By Aftab Ahmed and Nupur Anand
AGRA, India (Reuters) – When business evaporated at Gajendra Sharma’s eyeglass shop a couple of miles from the Taj Mahal during India’s strict COVID-19 lockdown, he was relieved to hear about a pandemic debt moratorium that would give him breathing room on his home loan.
Now, however, the 53-year-old optician’s $13,500 debt risks destabilising India’s banks, authorities warn.
That is because a complaint he brought challenging the loan relief plan, grouped with those of other borrowers and now before the Supreme Court, could mean a $27 billion hit to lenders – more than half their annual profits – that could shake the nation’s financial system, the industry and regulators fear.
The battle, launched from Sharma’s small shop in the northern city of Agra and now involving more than 120 lawyers, has the central bank and government struggling to defend what was meant to be a helping hand.
The problem, as the other borrowers see it, is that they must pay additional interest on their skipped repayments during the moratorium, which they call “interest-on-interest.”
The borrowers – including a leading real estate industry group, power utilities, shopping malls and small businesses – says the scheme unfairly hits them even as many have been financially devastated by the pandemic, that the banks must forgive the interest and compound interest that accrued while their payments were suspended.
Sharma, a voluble man with a thick moustache and a crop of dark hair, says the six-month reprieve, which ended on Aug. 31, increased his debt load because of the extra interest.

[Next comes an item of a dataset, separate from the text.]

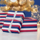 Patriotic, stylish, trendy, custom, personalised, red blue and white colour stripes, modern pattern, elegant faux gold script, premium quality, gift wrap wrapping paper. Simply type in your greetings / wishes / note / name / couple's names / family name / company name / recipient's name, to make this wrapping paper one-of-a-kind, and your gifting truly special. Perfect for both, home and business, adults and kids. Great wrapping paper for wrapping gifts for birthday, fathers day, mothers day, graduation, christmas, holiday, new years, wedding, marriage anniversary, 4th of July independence day, memorial day, and more, for your loved ones, mum, dad, husband, wife, bride, groom, son, daughter, brother, sister, grandpa, grandma, armed forces personnel, military, family and friends.
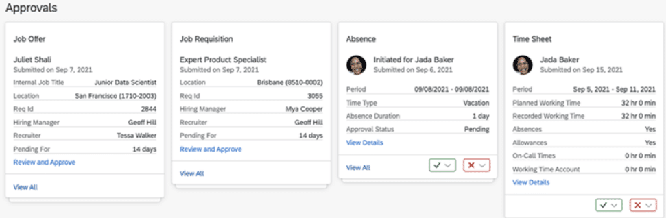 Users can approve Employee Central workflows directly from cards in the Approvals section, with or without adding comments.

He is also paying monthly instalments on a $21,700 business loan, for which he did not seek a moratorium.
“I realized this scheme was not to give us relief, but to give us more grief,” he told Reuters in his shop, where idols of Hindu deities compete for space with Ray Ban and Prada sunglass displays.

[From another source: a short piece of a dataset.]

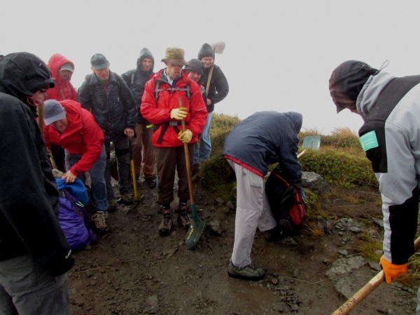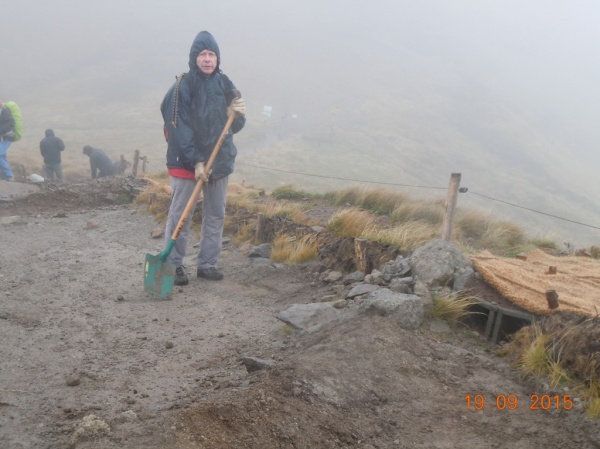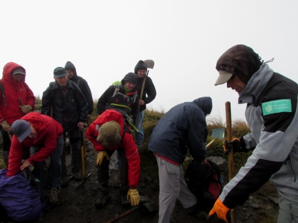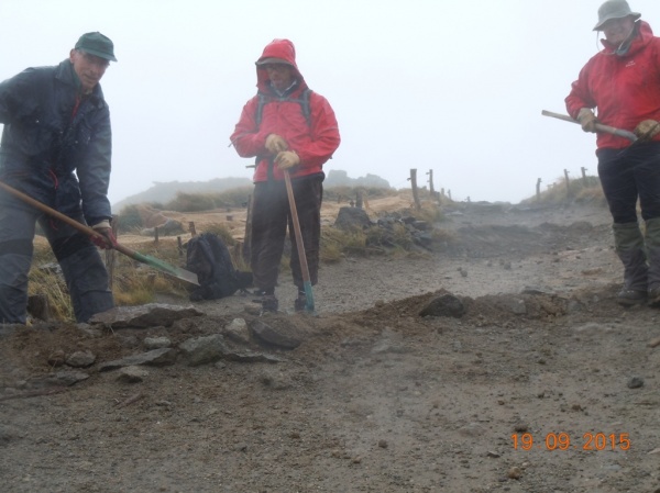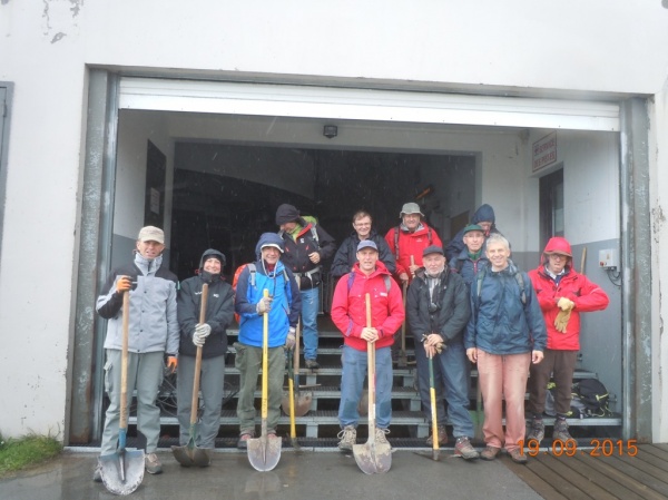 Malmenés par les précipations et les passages des nombreux touristes, construits sur des sols érodables, les sentiers de crête du Sancy ont besoin de nous ! En partenariat avec la Réserve naturelle nationale de Chastreix-Sancy, nous avons bâti notre action 2015 sur les sentiers menant aux sommets des puys Ferrand et de la Perdrix. La météo aura été capricieuse jusqu'au bout ! Ce samedi 19 septembre, nous passons du soleil à Saint-Diéry à la bruine à Super-Besse. Celle-ci nous accompagnera toute la matinée. Heureusement, notre équipe, forte de neuf participants est motivée. Plusieurs d'entre nous ont déjà participé à des opérations de restauration et/ou d'entretien de sentier. Pascal Saint Jean apporte la première participation de Chamina Voyages à notre événement.

BANKS CAUGHT IN THE MIDDLE
After Prime Minister Narendra Modi’s government imposed the world’s strictest COVID-19 lockdown in March, Sharma saw no customers for months, though he had to keep paying his $2,700 in monthly recurring costs.
Across this nation of 1.3 billion people, companies say they are struggling to keep up with their loans as the lockdown has choked business and consumer spending. The economy collapsed a record 23.9% in the April-June quarter from a year earlier.
Now, even with the moratorium, “the interest-on-interest will result in winding up various real estate and other companies,” said Utsav Trivedi, a lawyer representing one group of Sharma’s fellow complainants.
In a typical case, a homeowner with 15 years remaining on a roughly $40,000 loan would pay an additional $6,000 in interest due to the moratorium, an extra 16 months’ worth, explains SBI, India’s top state-run bank.
Citing Sharma’s case, the finance ministry last week ordered a panel to analyse the impact of withdrawing interest and the compounding levy.
The Supreme Court appears sympathetic to the borrowers on the extra interest. During the most recent hearing on Sept. 10, Justice Ashok Bhushan said the court was “inclined to pass an order” that banks forgive the additional levies.
India’s banks, too, are reeling from the pandemic, and the industry fears a major judicial setback, given that the court has previously overturned government decisions in ways that hit sectors from coal mining and telecommunications.
Banks already have bad loans of over $120 billion, much of it on the books of state-run lenders, which dominate India’s banking landscape, and the non-performing debt is set to surge in coming months. Any deterioration in their books would force the government, itself deeply indebted, to set aside billions of dollars to recapitalise the banks.
Combined annual profits at private banks and state-owned banks is some 3.2 trillion rupees ($43 billion), “so a waiver of interest will be totally destabilising,” said analyst Anil Gupta at credit rating agency ICRA.
The Reserve Bank of India told the court an “interest-free” moratorium would cut the sector’s income by at least 2 trillion rupees ($27 billion), or 1% of India’s GDP. “There would be huge consequences for the stability of the banking system,” the central bank said.
The finance ministry told the court last month what waiving what it says is standard compound interest would be “against the basic canons of finance”, adding it was crucial to protect the more than 1.9 billion deposit accounts that earn interest income.
The central bank and ministry did not respond to requests for comment.
Sharma, while performing his daily Hindu prayers, said he remains hopeful he will get relief.
“With faith in God I’ve thought of ways to come out of this muddle,” he said about his case, which will next be heard on Sept. 28.